Dan Prosser | Ti co-founder

Date:

29 January 2025

For most of the 911 GT3’s life, development work focused almost entirely on one area: making the thing go faster. That meant squeezing more and more power out of a given engine capacity – higher rev limits, lighter internals, free-flowing exhausts, more aggressive cams and so on – until eventually that capacity was increased by a couple of hundred cubic centimetres, then increased again, to wring out even more.

And it meant bolting on bigger wings and spoilers to add aerodynamic downforce, and reducing unsprung weight with optional carbon ceramic brakes and forged wheels, and widening tracks and tyres to ramp up mechanical grip. For two and a half decades since the first in 1999, the GT3 evolved like a predator over millennia, steadily becoming more and more optimised so it could fly along a road or around a track faster than ever.

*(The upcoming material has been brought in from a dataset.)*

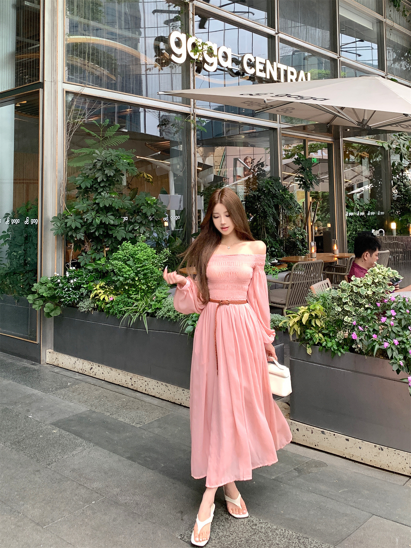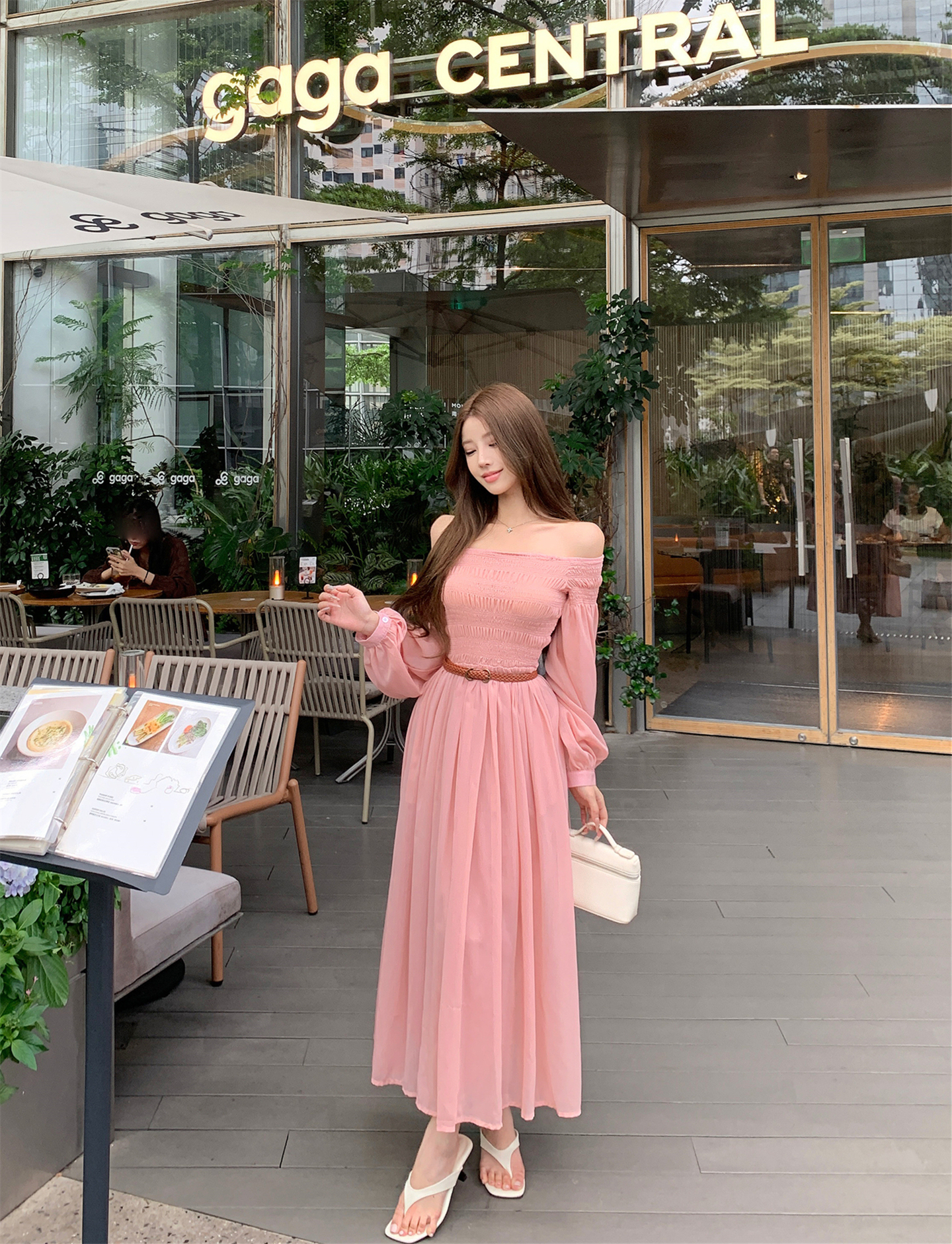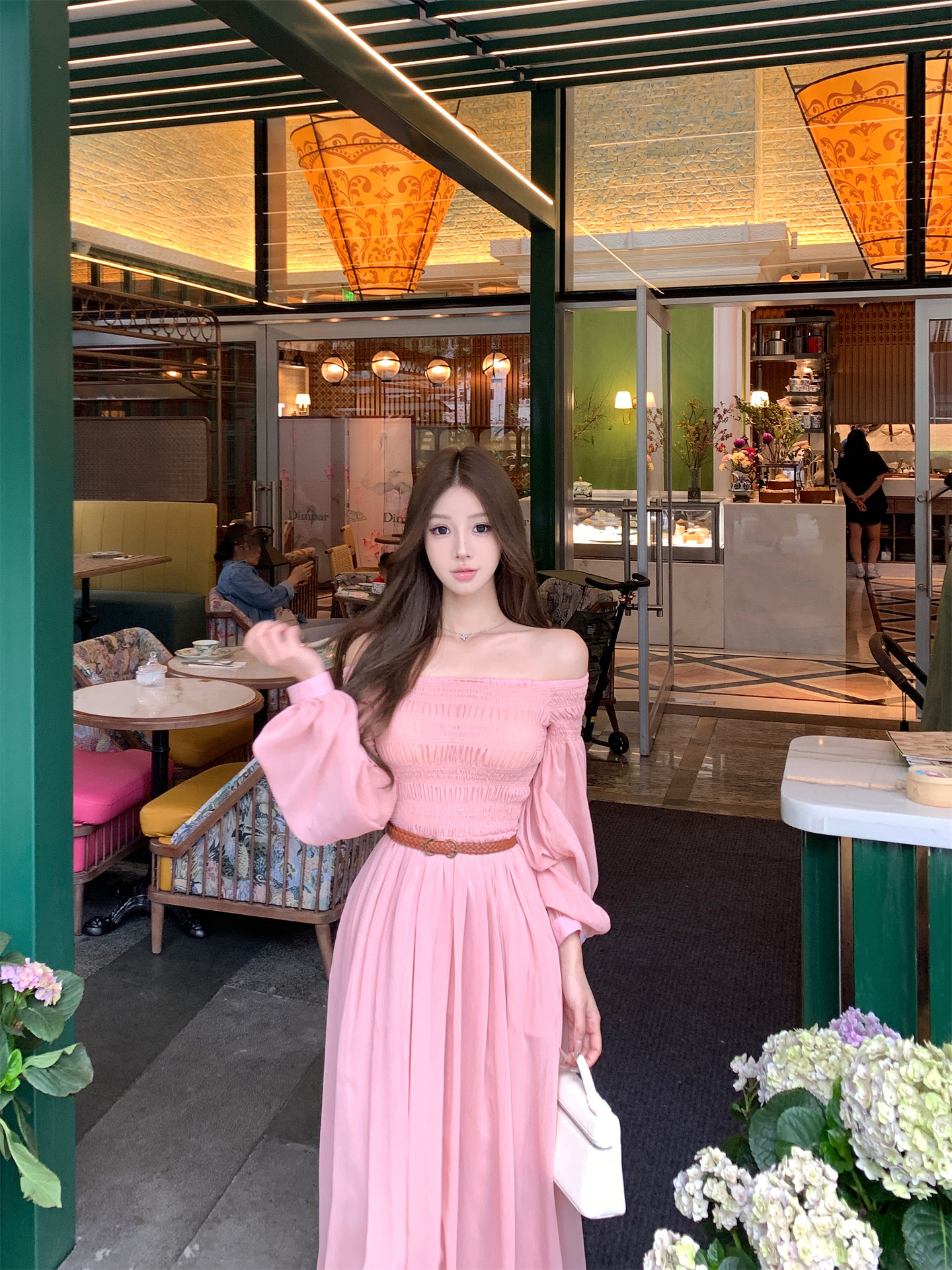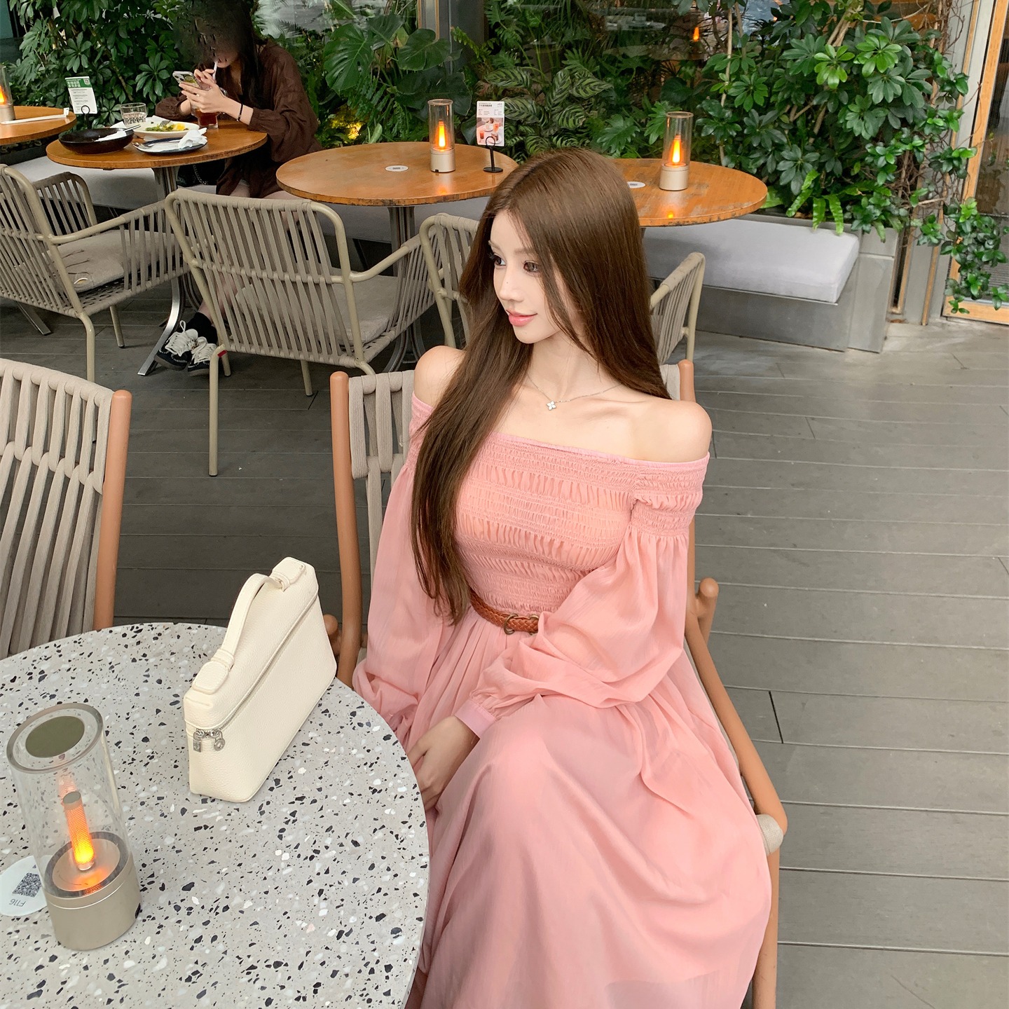 실사 자오 이슬 생각하기 같은 단락 여성 드레스 여름 프랑스식 오프숄더 고급 센스 튜브탑 아름다운 스타 분말 롱 스커트

But it seems there’s been a shift. If the product presentation at last week’s new 911 GT3 launch event near Valencia is any indication, it seems Porsche Motorsport’s engineers now spend more time with their noses buried deep inside the dense, dreary pages of governmental regulatory rulebooks, searching for a way through. Normally on these events we hear about what’s been done to increase engine output; this time, and for the first time, all of Porsche’s powertrain development work went into satisfying new tailpipe emissions legislation.